Buy Aditya Birla Sun Life AMC Ltd For Target Rs. 755 - Yes Securities
Yield inches up on avoidance of NFO rush
Result Highlights
* Revenue: Revenue from operations at Rs 3,343mn was up 0.7%/19.9% QoQ/YoY, marginally better than the degrowth/growth of QAAUM at -0.5%/17% QoQ/YoY
* Share of Equity in AUM: Share of Equity in AUM (including Hybrid funds) at 41% was up 200 bps QoQ and 600 bps YoY (calculated on rounded off figures)
* Share of B-30 in AUM: Share of B-30 in AUM at 16% was down 32 bps QoQ and 92 bps YoY
* Channel mix: Share of MFDs, Banks, NDs and Direct was 32%, 10%, 15% and 43%, respectively in overall AUM (Ex-ETF)
* Operating profit margin: Operating profit margin for the quarter, at 71.9%, was up 1151 bps QoQ and 1388 bps YoY
Our view – Yield inches up on avoidance of NFO rush
Operating revenue to AUM (yield) inched up from 43.9 bps to 44.4 bps on sequential basis: This was mainly on account of rising share of equity in AUM, which rose ~200 bps QoQ. Management stated thatthe yield on equity AUM was broadly stable sequentially.
Market share loss in the equity segment is not attributable to fund performance, as per management: The market share in the equity segment stands at 6.65% and pace of market share decline has slowed. The key reason behind market share decline has been not being very active in launching NFOs, as a conscious decision to protect profitability.
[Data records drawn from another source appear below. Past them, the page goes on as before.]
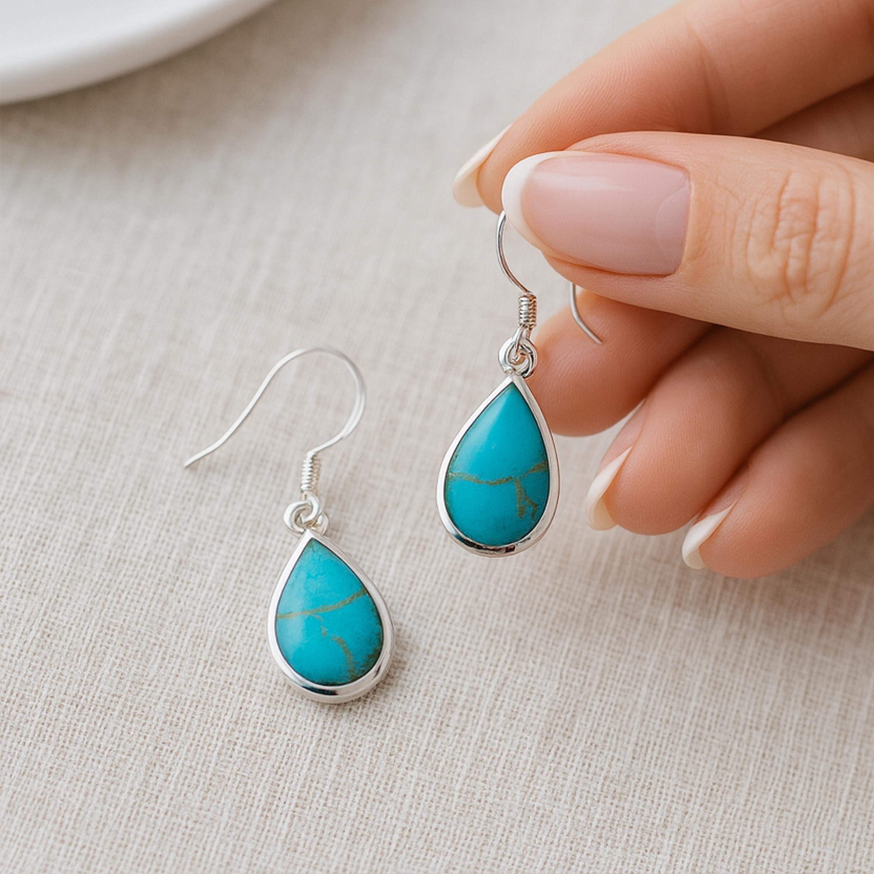 Elegant silver teardrop earrings with vibrant turquoise — the perfect pop of colour for any season.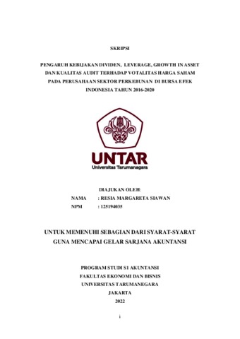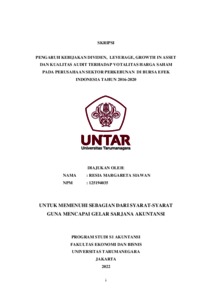 Margareta, Resia (2022) PENGARUH KEBIJAKAN DIVIDEN, LEVERAGE, GROWTH IN ASSET DAN KUALITAS AUDITOR TERHADAP VOTALITAS HARGA SAHAM PADA PERUSAHAAN SEKTOR PERKEBUNAN DI BURSA EFEK INDONESIA TAHUN 2016-2020. Skripsi thesis, Universitas Tarumanagara.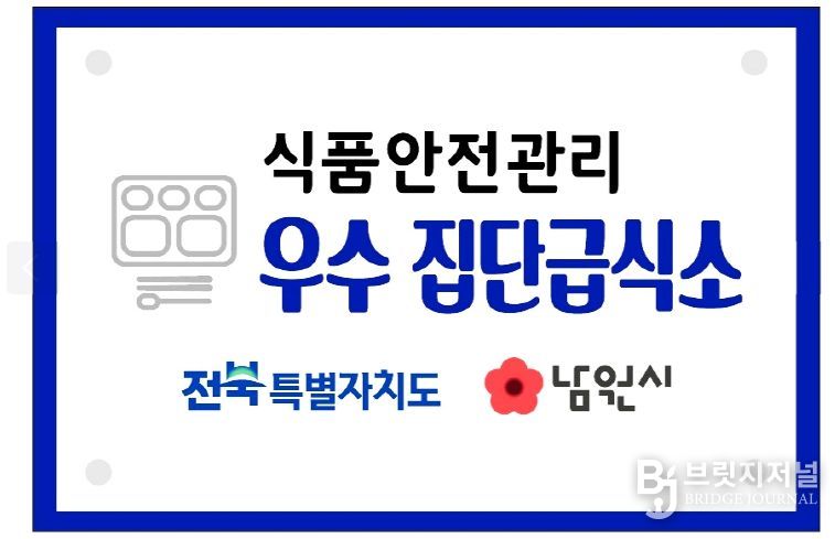 브릿지저널 윤나영 기자 | 남원시는 작년에 이어 올해에도 식품안전관리 우수 집단급식소 3개소를 지정했다고 밝혔다.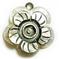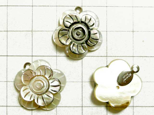 黒と白、二種の真珠層を使ったキュートなお花モチーフ。天然の真珠母貝ですので、一つずつ色味は違います。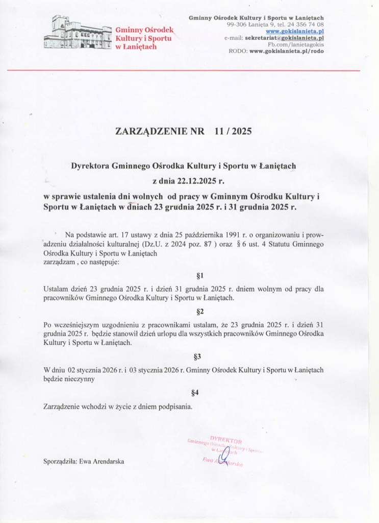 Zarządzenie nr. 11/2025 dyrektora GOKiS z dnia 22.12.2025 r w sprawie ustalenia dni wolnych w dniach 23 grudnia 2025 r. i 31 grudnia 2025 r. gokisbip | 23 grudnia 2025 | Bez kategorii | Brak komentarzy Related Posts Informacja o wynikach naboru na Głównego Księgowego Brak komentarzy | kwi 22, 2025 ZARZĄDZENIE NR 14/2020 DYREKTORA GMINNEGO OŚRODKA KULTURY I SPORTU W ŁANIĘTACH Z DNIA 21.12.2020 ROKU Brak komentarzy | gru 21, 2020 Zarządzenie nr 4/2025 Dyrektora Gminnego Ośrodka Kultury i Sportu w Łaniętach z dnia 22.04.2025 r. w sprawie ogłoszenia naboru na stanowisko Głównego Księgowego w Gminnym Ośrodku Kultury i Sportu w Łaniętach Brak komentarzy | kwi 22, 2025 Zarządzenie nr 3/2025 Dyrektora Gminnego Ośrodka Kultury i Sportu w Łaniętach z dnia 08.04.2025 r. w sprawie ogłoszenia naboru na stanowisko Głównego Księgowego w Gminnym Ośrodku Kultury i Sportu w Łaniętach Brak komentarzy | kwi 8, 2025 About The Author gokisbip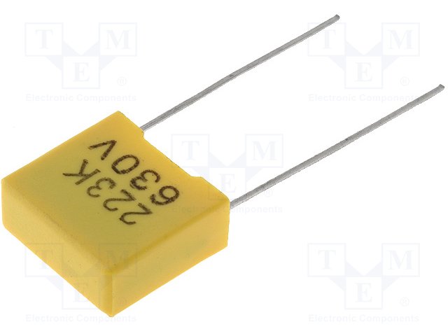 Конденсатор: полиэфирный; 22нФ; 630ВDC; Шаг: 10мм; ±10%; 13x6x12мм |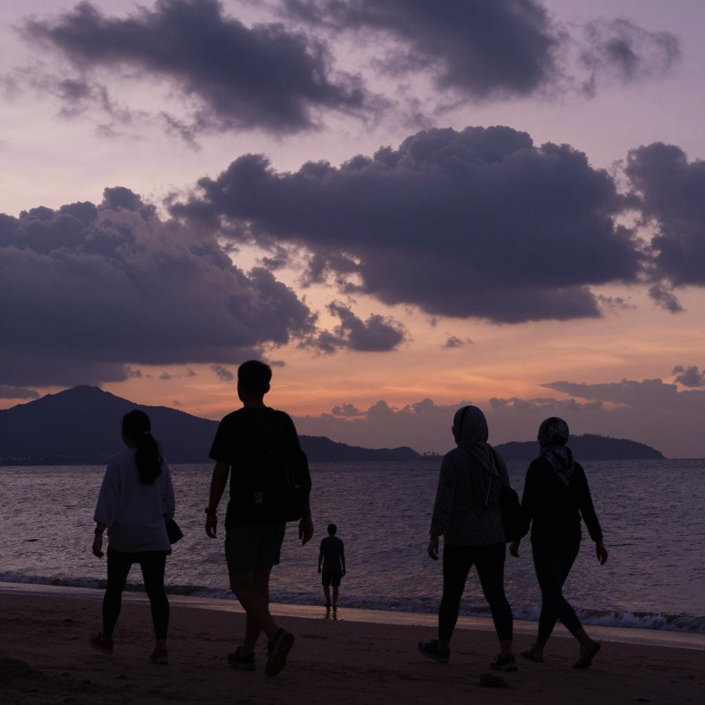 Photograph of a crowded street. A woman in a red patterned dress walks ahead with a young boy. A man in a blue shirt walks beside her. A woman in white and another in yellow walk further back. Dense foliage on the right. Various people, casual clothing, and striped awnings on the left. Overcast lighting.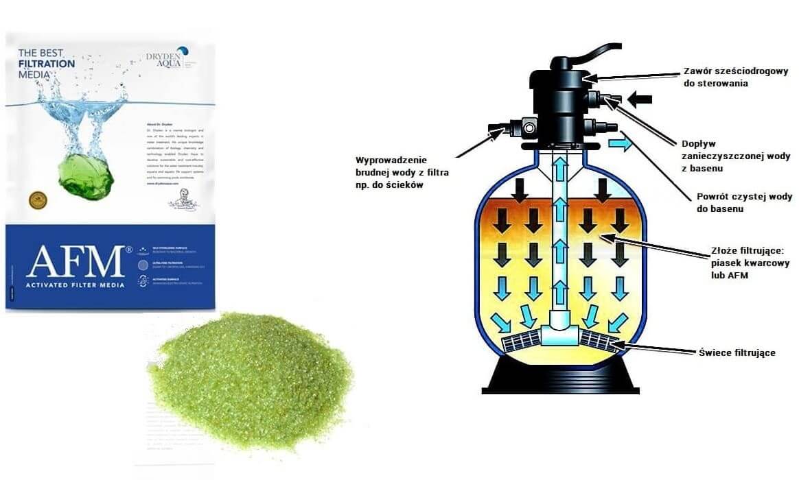 Dla entuzjastów nowych technologii polecamy aktywne szkło filtracyjne (AFM). Choć jest droższe od piasku, ma znacznie dłuższą żywotność (nawet do 4-5 lat!) i w teorii lepiej wyłapuje drobne zanieczyszczenia oraz bakterie. Dzięki temu zużyjesz do 25% mniej chemii basenowej, a płukanie filtra będzie rzadsze i skuteczniejsze. Ale teoria teorią, a życie wskazuje że na corocznie wymienianym (higiena osobista!) piasku, da się uzyskać takie same efekty.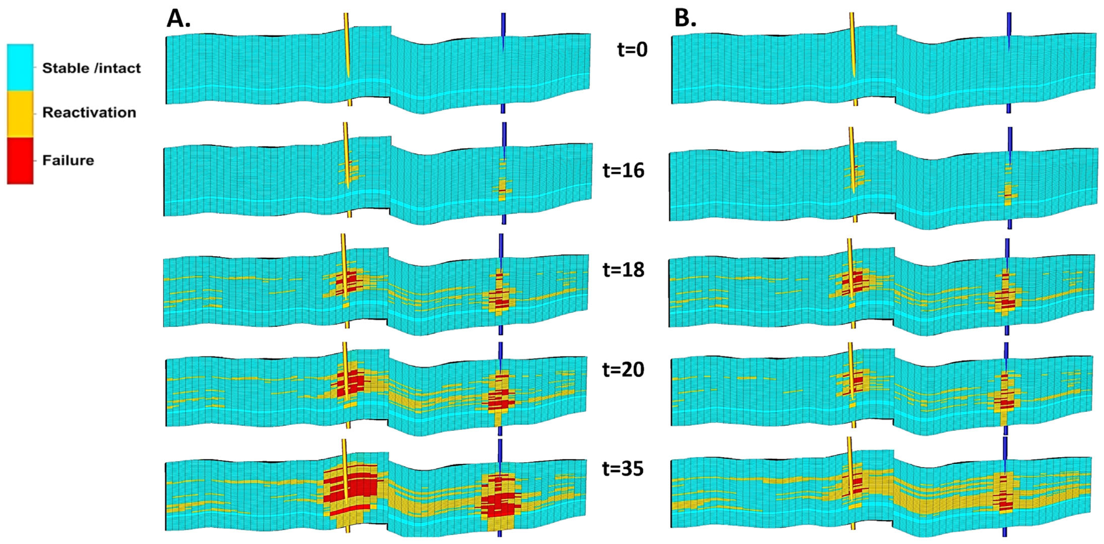 Thermoelastic-induced stress unloading causes a rotation of the original stress tensor, which is accompanied by a rapid transition from the strike-slip stress (SS) regime to the normal fault (NF) regime. The local extent of the occurrence of the NF stress regime can be seen in Figure 14. The observed change in stress state can have a significant impact on the failure mode and the kinetics of the induced dislocation movements. The compressive strike-slip regime favors the reactivation of critically stressed fractures or the development of shear fractures within the reservoir formation and caprock during horizontal displacement. The area affected by a normal faulting stress regime is more prone to the development of tensile fractures or the reopening of existing discontinuities with accompanying vertical rock displacements.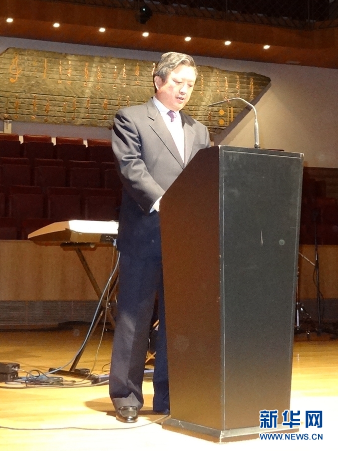 中國駐西班牙大使朱邦造在音樂會(huì)前發(fā)表致辭。新華網(wǎng) 周喆攝
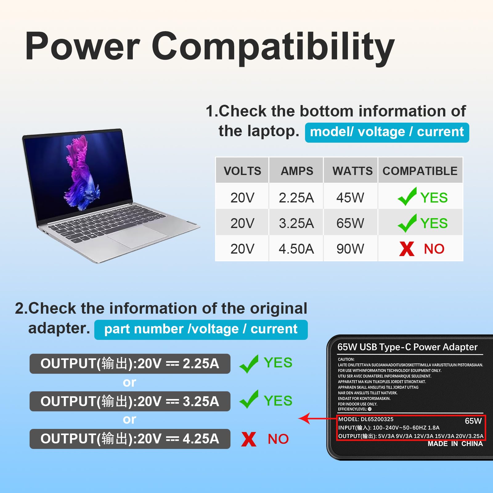 "⚡【65 Watt USB C Laptop Charger】Input: 100-240V~50/60Hz Output: 65W 20V-3.25A/15V-3A/12V-3A/9V-3A/5V-3A (Compatible with 61W,45W, 36W, 27W, 15W) Interface: USB C Type C Applicable Type: Can charge most smartphones, laptops, and tablets that support the USB-C interface.

There was a one-time benefit to employee cost due to reversal on provision on a discontinued long-term cash incentive scheme: Management has decided to pay ESOP instead of cash as long-term incentive, leading to a one-time benefit of Rs 323mn. We maintain ‘BUY’ rating on ABSL AMC (ABSL) with a revised price target of Rs 755:
We value ABSL at 27x FY23 P/E for an FY21-24E EPS CAGR of 22%.